(HOW TO COMPLETE THIS TASK)
Return nothing but the lines from the one containing "Заместитель председателя Смоленского" through the end of the records below, exactly as they stand and without pictures.

(LISTED ENTRIES)
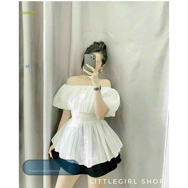 Áo bí peplum bẹt vai tay bồng dáng xòe ảnh thật
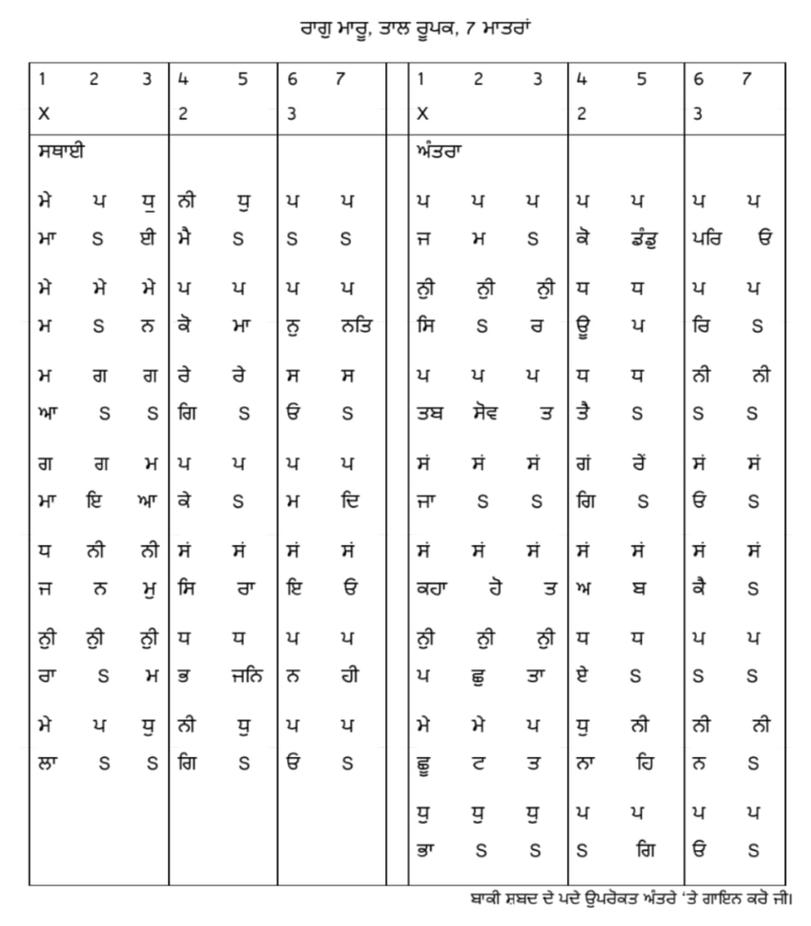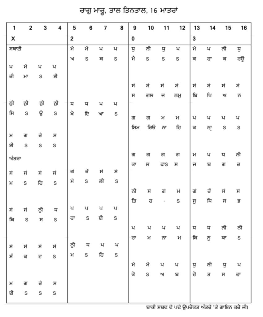 ਅਵਰੋਹ —————————— ਸਂ ਨੀੁ ਧ ਪ, ਮੇ ਧੁ ਨੀ ਧੁ ਨੀ ਧੁ ਪ, ਮ ਗ ਰੇ ਸ
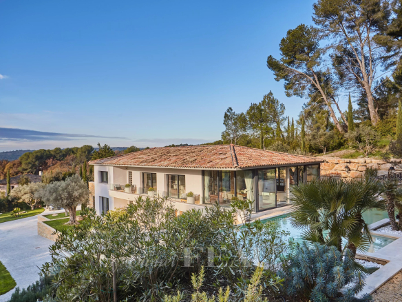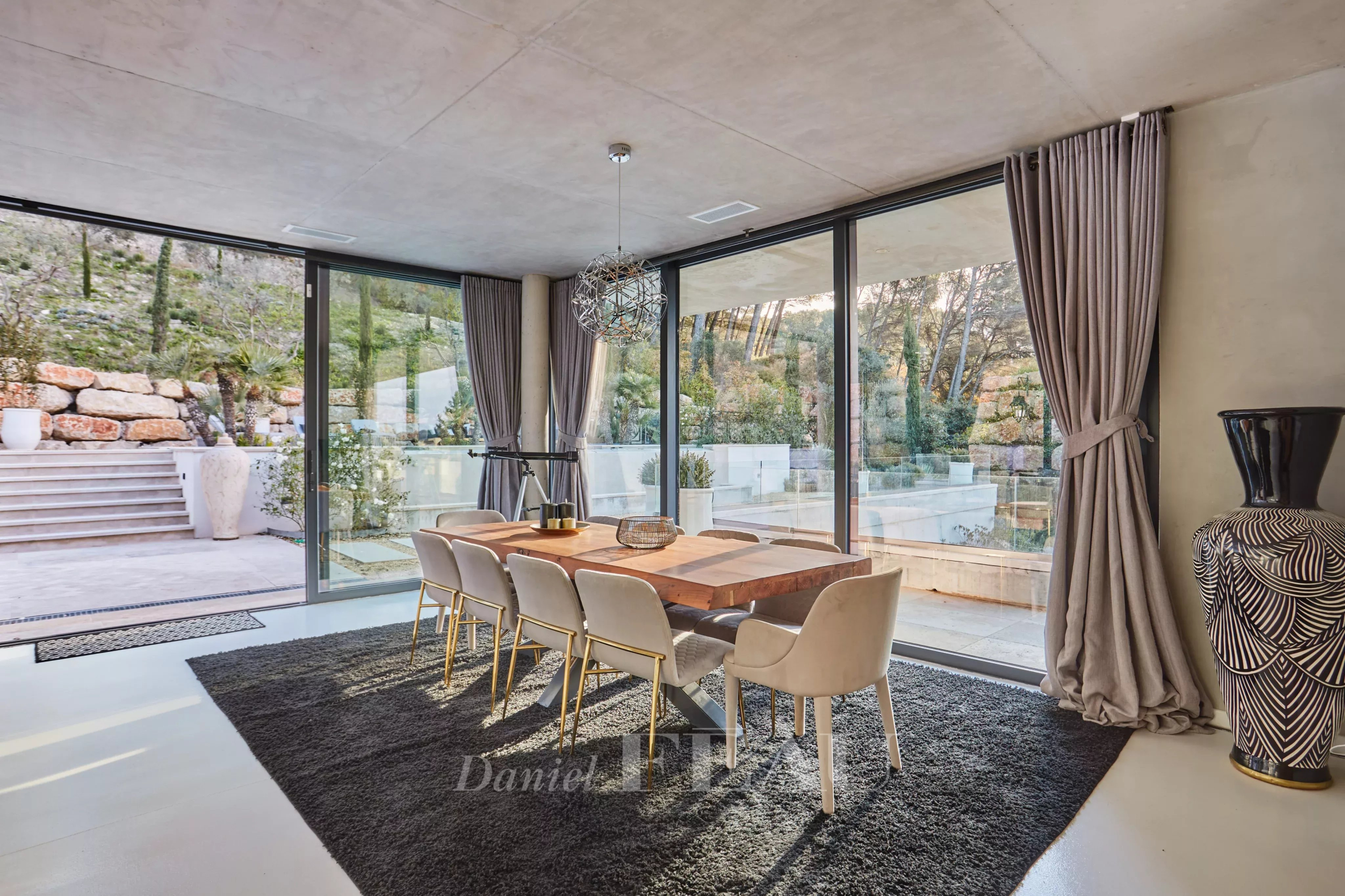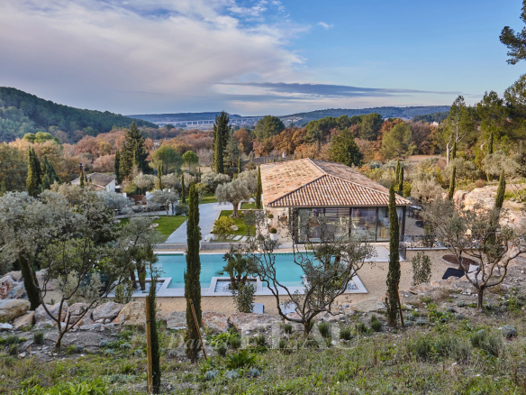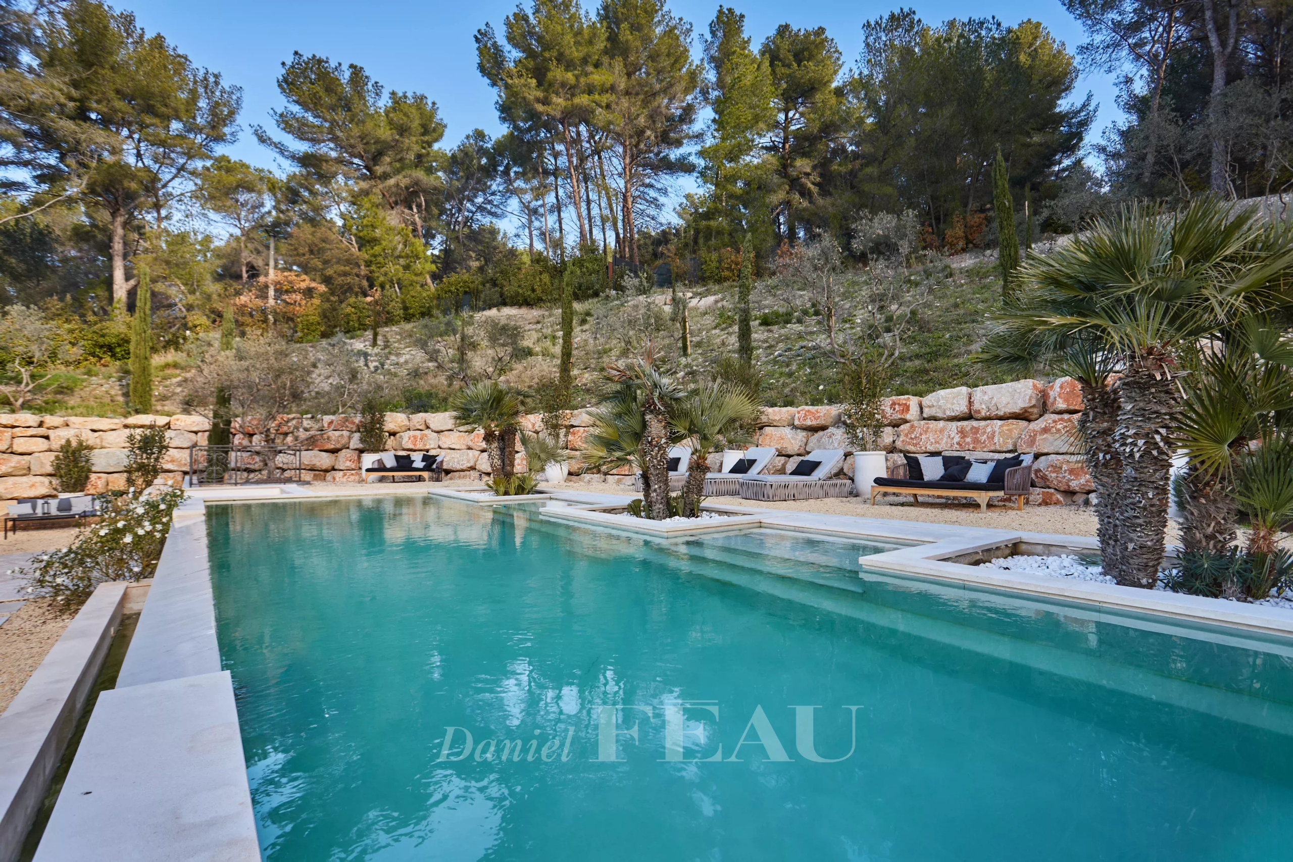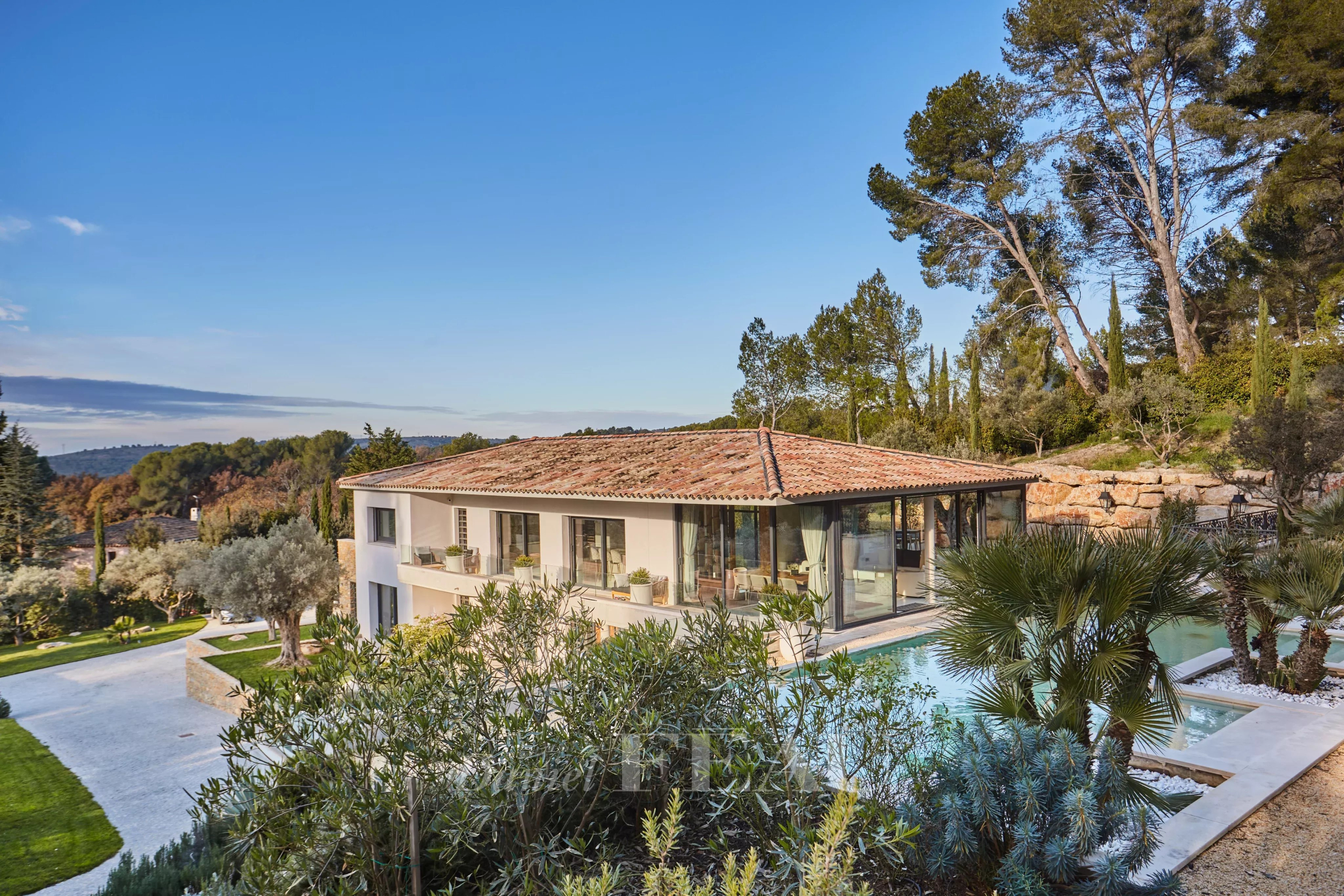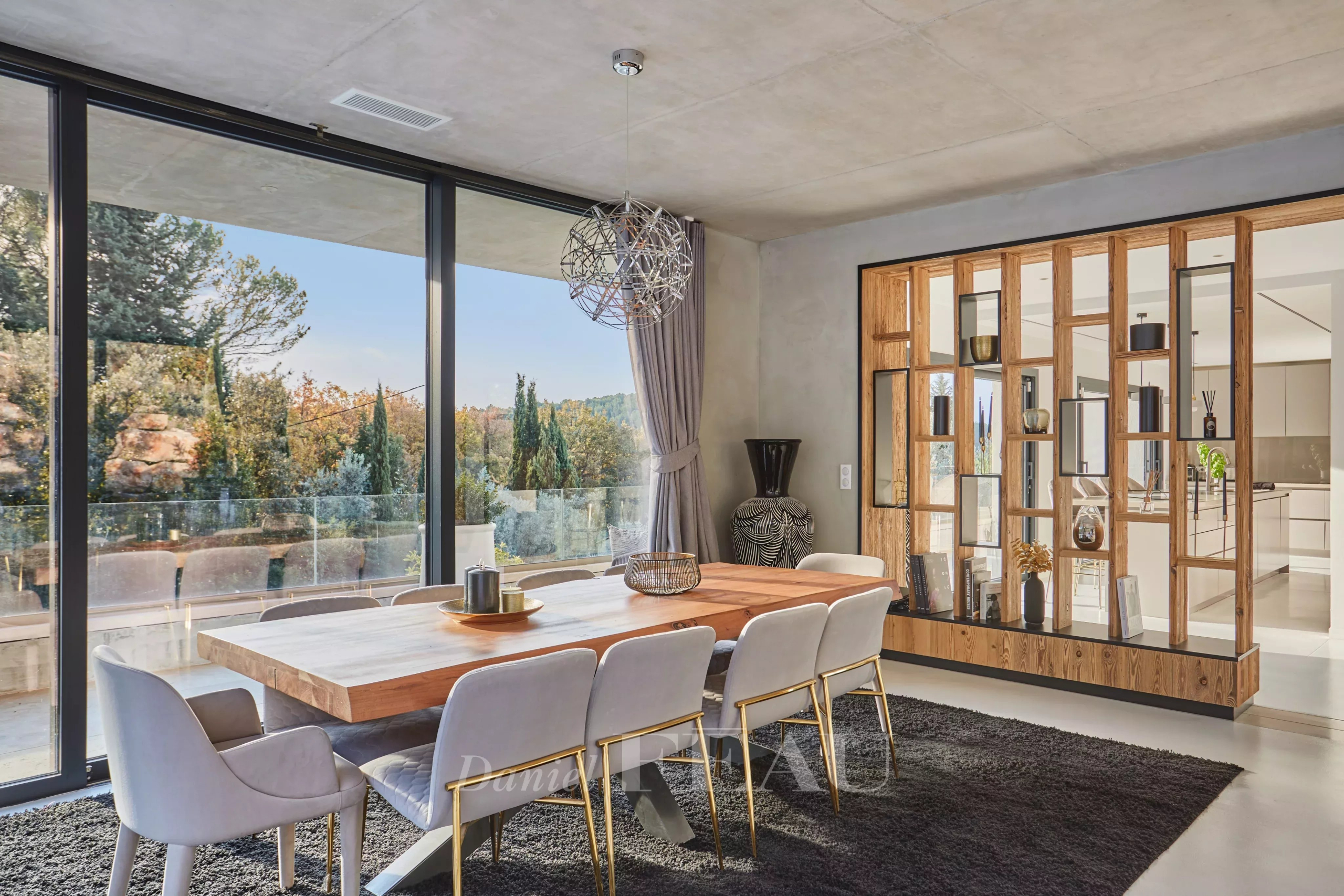 A 10 minutes d’Aix en Provence, au calme, rare propriété contemporaine nichée dans un environnement de verdure, offrant une très belle vue dégagée sur un terrain de 4070 m² paysager.
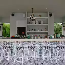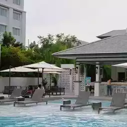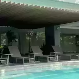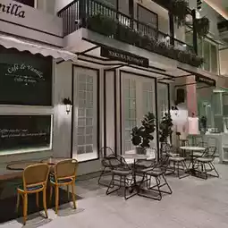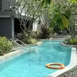 Cafe, spa massage and swimming pool area divided into 2 zones
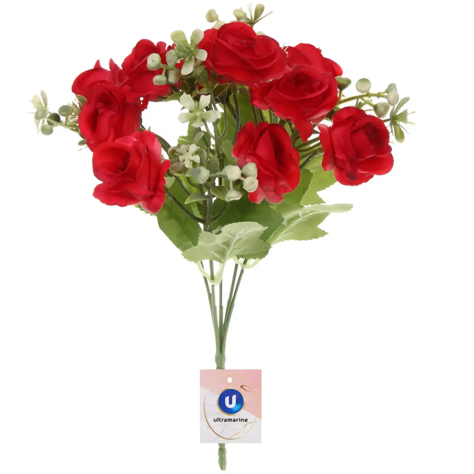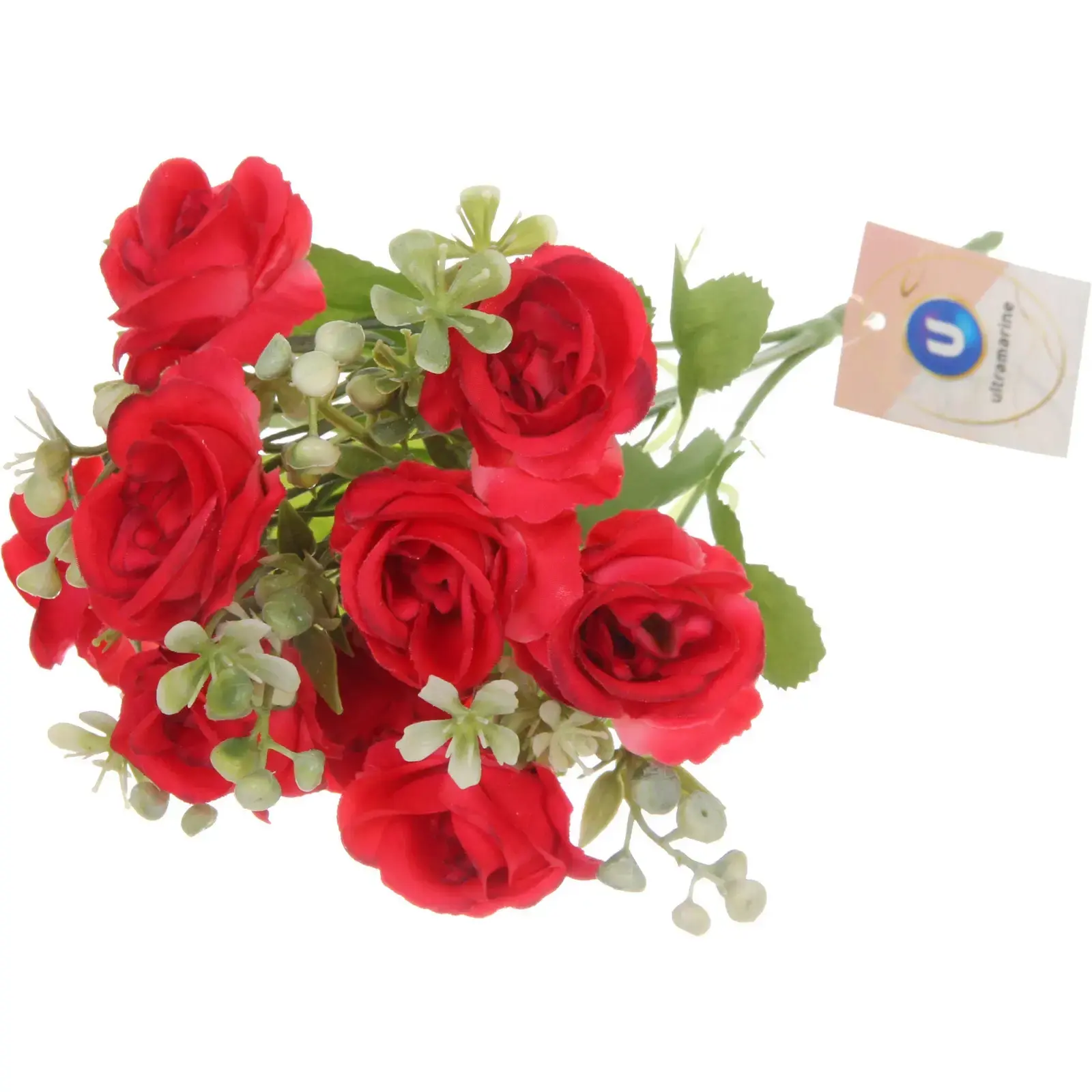 Букет из семи красных роз, дополненный зелеными листьями и мелкими белыми цветочками, прекрасно подходит для декора любого помещения. Вы можете использовать его для оформления праздничных мероприятий, создания уютной атмосферы в доме или в качестве подарка близким. Искусственные цветы легко комбинируются с другими элементами декора, что позволяет вам проявить свою креативность.
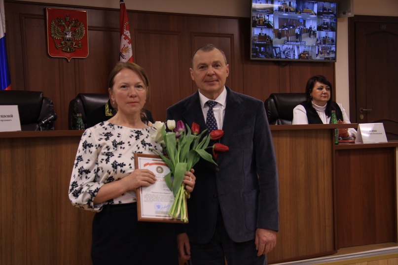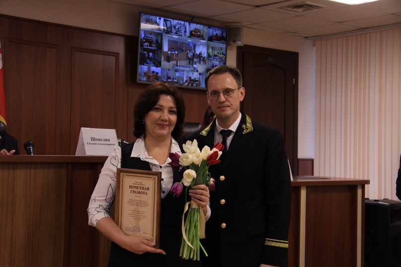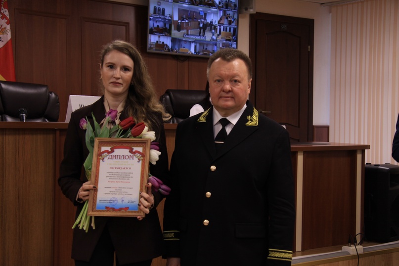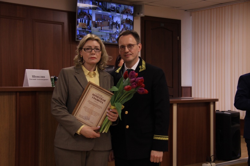 Заместитель председателя Смоленского областного суда, председатель Совета судей Смоленской области Киселев А.С. вручил Почетные грамоты Совета судей региона судье, председателю судебного состава Смоленского областного суда, заместителю председателя Совета судей Смоленской области, председателю Дисциплинарной комиссии Совета судей Смоленской области Шитиковой Т.М., а также консультанту отдела материально-технического обеспечения Ленинского районного суда г. Смоленска Камышевой М.В.
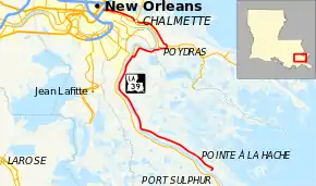 | Plaquemines | Bohemia | 0.0 | 0.0 | Parish Road 15 | Southern terminus |

(RESPONSE)
 Заместитель председателя Смоленского областного суда, председатель Совета судей Смоленской области Киселев А.С. вручил Почетные грамоты Совета судей региона судье, председателю судебного состава Смоленского областного суда, заместителю председателя Совета судей Смоленской области, председателю Дисциплинарной комиссии Совета судей Смоленской области Шитиковой Т.М., а также консультанту отдела материально-технического обеспечения Ленинского районного суда г. Смоленска Камышевой М.В.
 | Plaquemines | Bohemia | 0.0 | 0.0 | Parish Road 15 | Southern terminus |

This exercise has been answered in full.